Author: Francesco Ficarola
- Draft v0.1.0: versions/dnf-v0.1.0.md
Warning: this spec is still under definition. Until it's marked as 1.0.0, you should to consider it as an unstable version.
DNF aims to be a minimal representation format for static and dynamic networks. It should be easy to read or parse due to its clear syntax. DNF is designed to efficiently store all information among nodes and edges of a graph. Furthermore, DNF should be easy to learn, read and parse into data structures in a wide variety of programming languages.
Traditional representations of time-aggregated graphs use, for each node or edge, a sequence of timestamps (single or continuous), e.g.

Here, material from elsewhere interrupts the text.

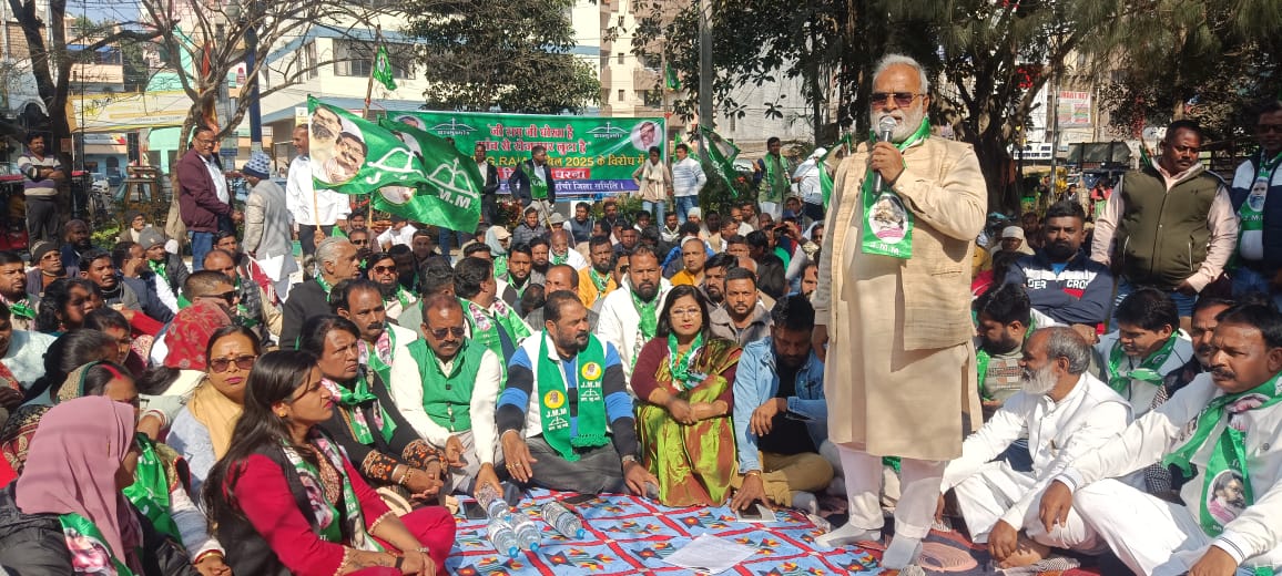 रांची : केंद्र की भाजपा सरकार द्वारा मनरेगा को हटाकर VB-G RAM G बिल पारित कराए जाने के विरोध में झारखंड मुक्ति मोर्चा (झामुमो) रांची जिला समिति ने शुक्रवार को जिला मुख्यालय स्थित नेताजी सुभाष चंद्र बोस पार्क, कचहरी में एकदिवसीय धरना-प्रदर्शन किया। धरना का नेतृत्व जिला संयोजक प्रमुख मुश्ताक आलम ने किया।

GEXF file format use the concept of spells:
<node id="1001">
<spells>
<spell start="1335090239" end="1335090241" />
<spell start="1335090242" end="1335090243" />
<spell start="1335090244" end="1335090249" />
</spells>
</node>
But suppose to have about 100 nodes and 500 edges for a long time of interaction, then you can suppose how the file exponentially increases its size.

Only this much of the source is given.